No deep music theory or DSP is required. You will work with prompts, waveforms, and FMOD events and parameters.

Step 1 - Generate Sounds with Riffusion

Riffusion generates audio from text by imagining a spectrogram and then converting it to waveform. The quality and style depend heavily on the prompt.

Prompting tips

  • Be specific: "dark ambient drone, low rumble, 4 seconds" works better than "scary sound."
  • Mention duration if the tool allows it (e.g. "3 second clip").
  • For game SFX, try: "footstep on gravel," "magic spell whoosh," "UI click metallic," "engine idle loop."
  • For ambience: "wind through trees," "distant thunder," "crowded market chatter."

Workflow

  1. Install or open Riffusion (e.g. Riffusion repo or a Colab/hosted demo).
  2. Enter a prompt and generate. Export the clip as WAV (e.g. 44.1 kHz, mono or stereo as needed).
  3. Generate several variants per need (e.g. 3–5 variations for "footstep gravel") so you can pick the best or layer them.
  4. Listen and trim silence or unwanted tails in an editor (Audacity, Reaper, or DAW).

Pro Tip: Keep a small spreadsheet or doc of prompts that worked well so you can reuse and tweak them for future projects.

Step 2 - Edit and Prepare for FMOD

Riffusion output is often a single clip. For FMOD you usually want clean, loopable or one-shot assets.

Editing

  • Trim start and end so there is no long silence or click.
  • Normalize if levels are low (e.g. -3 dB peak so you have headroom in FMOD).
  • Loop points: For ambience or music loops, set loop start/end in your editor so the loop is seamless, or export with a few seconds of material and let FMOD loop.
  • One-shots: For SFX (clicks, impacts, whooshes), export as one-shot; FMOD will play them on demand.

Organization

  • Name files clearly: ambience_forest_wind_01.wav, sfx_ui_click_02.wav.
  • Put Riffusion-generated assets in a dedicated folder (e.g. audio/riffusion/) so you can replace or regenerate them later without mixing them with recorded library sounds.

Step 3 - Build FMOD Projects and Events

In FMOD Studio you organize sounds into Banks and Events.

Banks

  • One bank per context (e.g. "Music," "SFX_UI," "SFX_Ambience") or one per level if you prefer. This keeps load times and memory predictable.
  • Add your Riffusion WAVs to the project and assign them to the right bank.

Events

  • One-shot SFX: Create a single-event-per-sound (e.g. "UI/Click") that plays one asset. Trigger it from the game when the action happens.
  • Ambience: Create an event that plays a loop (your Riffusion ambience). Use a loop region in the timeline or enable looping on the clip. Optionally add a volume or filter parameter so the game can duck or filter based on game state.
  • Adaptive music: Create a multi-track event with layers (e.g. base, tension, action). Use parameters (e.g. "Intensity" 0–1) to crossfade or switch layers. Feed those parameters from the game (e.g. health, enemy count, phase).

Parameters

  • Define parameters in the event or globally (e.g. "TimeOfDay," "CombatLevel"). The game sets them via the FMOD API; FMOD uses them to choose variations, crossfade, or modulate volume/filter.
  • For Riffusion-driven content, you can use parameters to blend between multiple Riffusion clips (e.g. two ambiences) or to control intensity of a single loop.

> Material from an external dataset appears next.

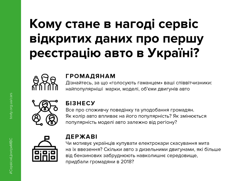 Сервіс на основі відкритих даних допоможе зрозуміти тенденції автомобільного ринку в Україні, запропонувати державі нові способи використання таких відкритих даних для підвищення доступності послуг у цій сфері, або ж виокремити цікаві факти. Окрім даних про реєстрацію легкових автомобілів, проект охоплює дані стосовно реєстрації транспортних засобів інших категорій, зокрема, автобусів та мікроавтобусів.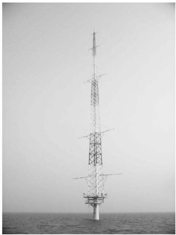 基于海上风电场的类型划分标准,海上测风塔为处于海上风电场区域(非海岛)中安装风速、风向等传感器以及风数据记录仪,用以测量风能参数的高耸结构,如图1-3所示。海上风电场开发首先需要掌握海上风能资源的变化规律和特征,而陆上气象站的测风数据并不能代表海上风资源特性,因此海上风电场建设时需要设立海上测风塔。

Step 4 - Integrate FMOD in Your Game

Each engine has an FMOD integration (Unity, Unreal, etc.). High-level flow:

  1. Load banks at startup or when entering a level (e.g. Studio::Bank::load() or the engine’s FMOD wrapper).
  2. Play events by name or reference when something happens (e.g. EventInstance::start() for "UI/Click").
  3. Set parameters each frame or when game state changes (e.g. EventInstance::setParameterByName("Intensity", value)).
  4. Stop or release events when no longer needed (e.g. when leaving a level or when a one-shot has finished).

Refer to the FMOD documentation and your engine’s FMOD plugin for exact API calls and best practices (e.g. avoiding too many simultaneous events, using snapshots for reverb).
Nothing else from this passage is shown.